If reality could be fully understood if one simply tries hard enough and lives long enough, where then is the excitement and wonder of existing?

It is also why I seek nuance and complexity in the patterns and ideas I come into contact with as I traverse the world. There is more, I whisper to myself every time I learn a new tidbit about the world – there has to be more, my eyes and ears and hands and feet cry out – I shall find more than simply what my eyes see and comprehend, my mind resolves with wholehearted ambition.

Some things do not have this aspect due to the limited interweaving of thought and reality within the particular activity. Or perhaps they do, but the infinity is less pronounced, more subtle, perhaps even inexplicable and rarely appreciated. Western chess is less infinite than the ancient Go/Weiqi, for example; the piano and harpsichord rank below the pipe organ in complexity and malleability; the mind of a human being is vastly more nuanced than that of a non-human creature. Both sorts are valuable in their own ways; both may be necessary, depending on the context; but both are not equal in their capability to offer the human soul a glimpse into the immortal.

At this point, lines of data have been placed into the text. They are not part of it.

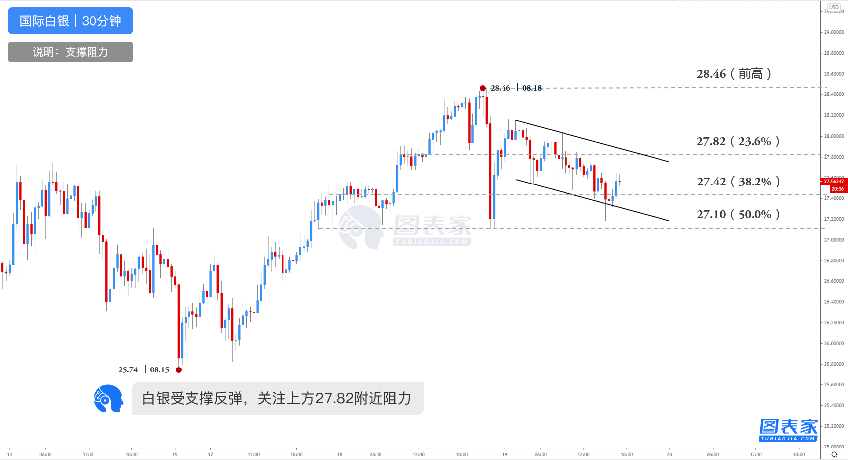 ÈôÒø¼ÛÏÂÐУ¬Ï·½½Ï½üÖ§³ÅλΪ쳲¨ÄÇÆõ38.2%»Øµ÷λ27.42£¬µøÆÆºóÅÌÖлò½«ÔٶȲâÊÔͨµÀϹìÓëì³²¨ÄÇÆõ50.0%»Øµ÷λ27.10×é³ÉÖ§³ÅÇø¼ä¡£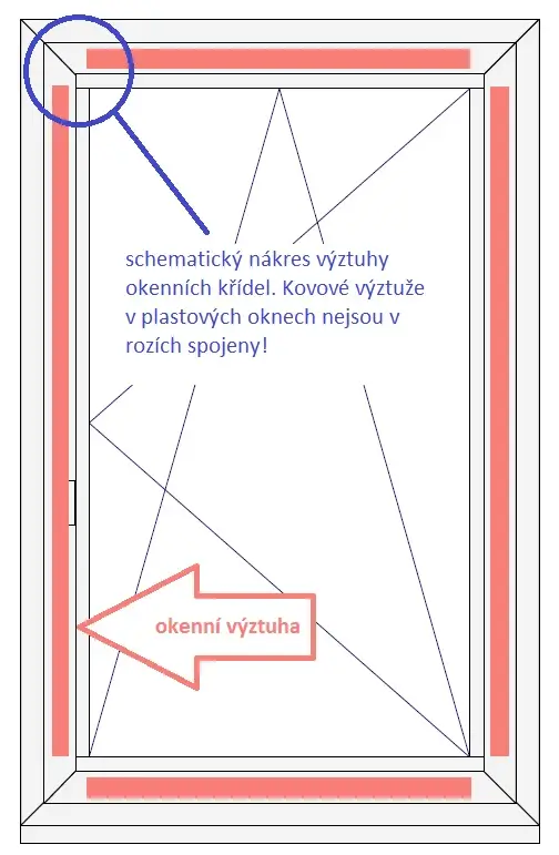 Žádná plastová okna nemají v rozích svařené ocelové výztuhy. Výztuž v okně končí cca 5cm před rohem okna. To znamená, že na svěšování okenního křídla nemá kvalita či síla výztuhy téměř žádný vliv.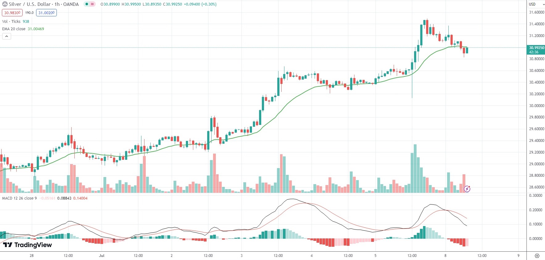 As of 7:16 GMT on Monday Spot Silver was losing 0.74% to trade at $30.994 per troy ounce.

One finds this sense of the eternal in one thing, while another seeks it in something else. There is no objective, external meter to calculate this, I believe – what one soul responds to and recognizes as an answer to its heartcry for value and significance is what holds this promise of depth of pursuit for that soul; it might not hold the same or similar for another.

And thus some find in playing the piano a sacred unity to Life others do not find in the same instrument but finds instead in another, or in a different craft altogether. The potential for something to hold a sense of the infinite for someone may itself be infinite when considering the human capacity to notice and care for the nature and texture (and creation and application and nuances and lifespan) of a single pursuit.

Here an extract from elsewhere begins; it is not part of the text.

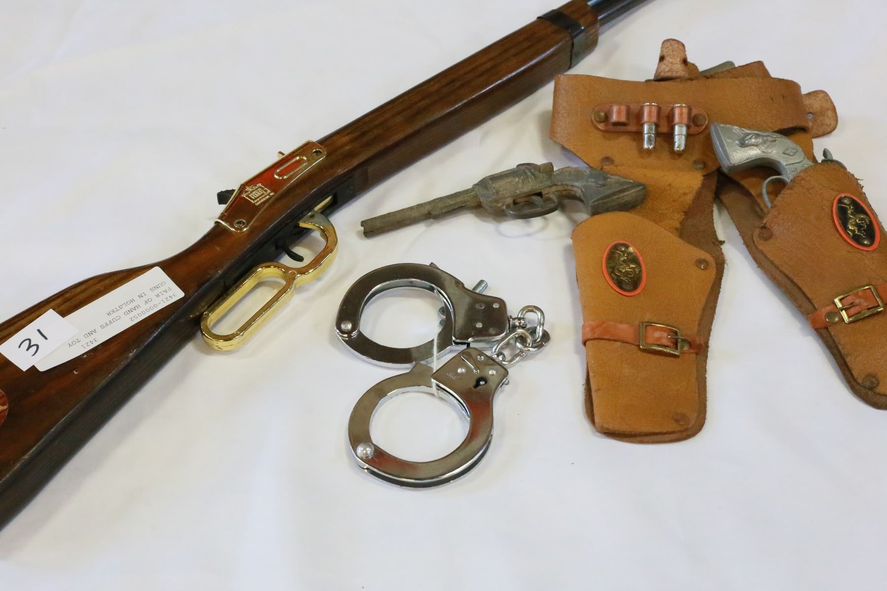 PAIR OF HAND CUFFS AND TOY GUNS IN HOLSTER

In some inexplicable way, one must first love something before this infiniteness reveals itself; and then once the heart recognizes the quiet invitation of lifelong pursuit, the daily decision of walking therein – running at times, perhaps, but crawling too – sets into motion a courtship between a mortal being with the immortal ideals of perfection, beauty, goodness, a dance which births the creation of something beyond one’s self.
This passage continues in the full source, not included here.